Mordru, like Computo, is an extraordinarily powerful Legion villain, scary in his own right, so showing him all-but-infantilized by fear carries a lot of weight:

Especially noteworthy are Brainiac's somber words just before the Big Reveal:

And that right there is where most of the sense of horror comes from in the Great Darkness Saga. If this seems too simple or crude, most of the horror in Blair Witch Project has essentially the same basis--those piles of rocks and bundles of twigs wouldn't be scary if the characters didn't react to them as such.

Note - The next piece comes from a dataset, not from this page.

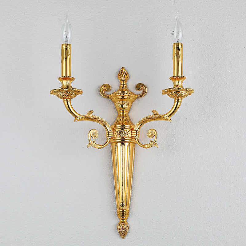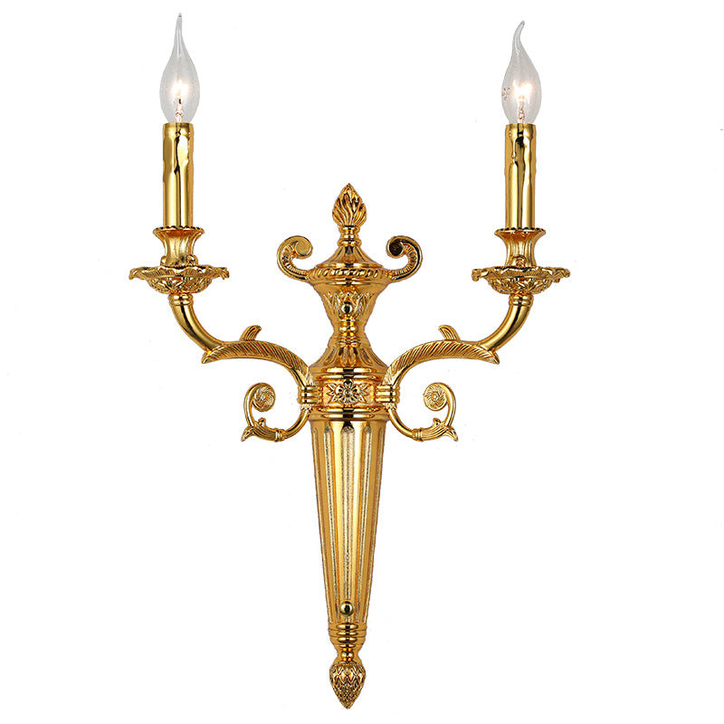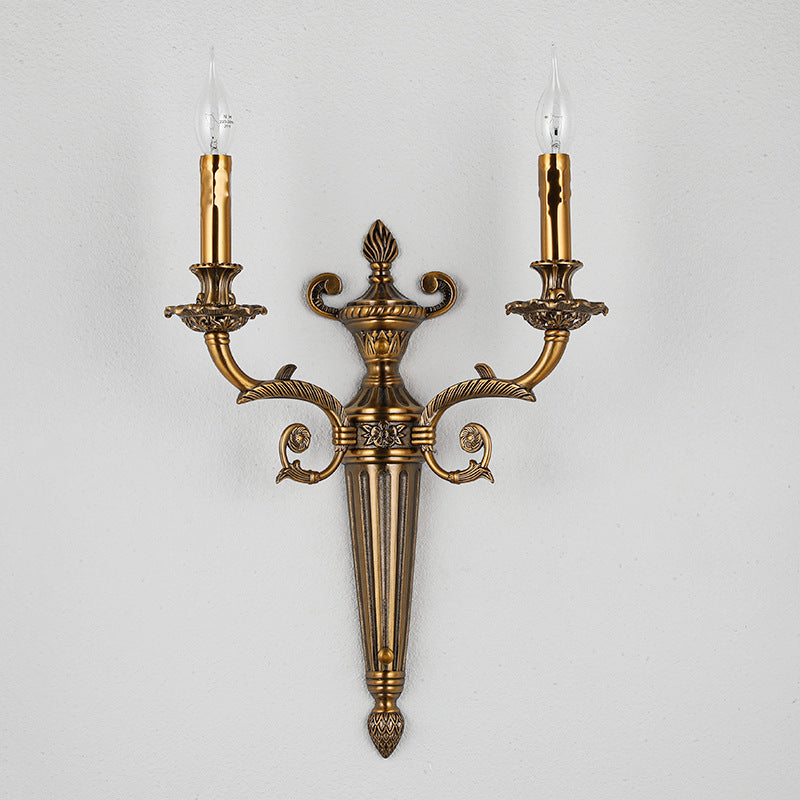 European Vintage Carved Candle Holder Long Arm 2-Light Wall Sconce Lamp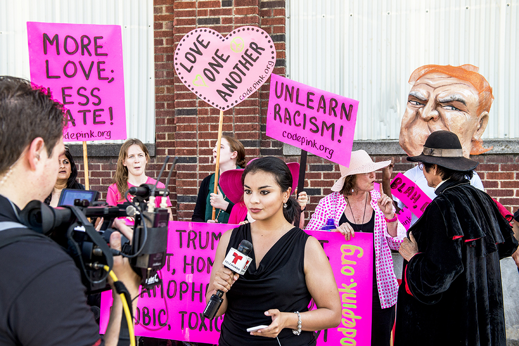In concert with a fundraising campaign, presidential candidate Donald Trump held a rally at Gilley’s. Thousands attended the event and a nearby protest. Photo by Danny Fuglencio

Coming back to Blackest Night, I complained about Flash and Hal Jordan's non-horrified reactions to Black Lantern Martian Manhunter in Green Lantern #44 (and no, jadedness is no excuse), but the event is young, and this, from BN: Superman #1 looks like a promising step in the right direction:

Yeah, that's more like it.

And that wraps up my series comparing Blackest Night with the Great Darkness Saga. I hope you've enjoyed it! Tomorrow I hope to review BN: Batman #2, Green Lantern Corps #40, and a few other issues I haven't gotten to yet. Stay tuned, and stay groovy!

1 comments:

Gene Phillips said...

Excellent finisher, Curt. And I've seen other times when Geoff Johns didn't bother showing emotions of awe or sublime fear that would've been appropriate to the situation.

I recall a JSA story in which a character goes back to ancient Egypt. To return to modern times, he has to go to sleep in a mummy casket and "wake up" in the current era. But it was all handled about as movingly as catching a bus.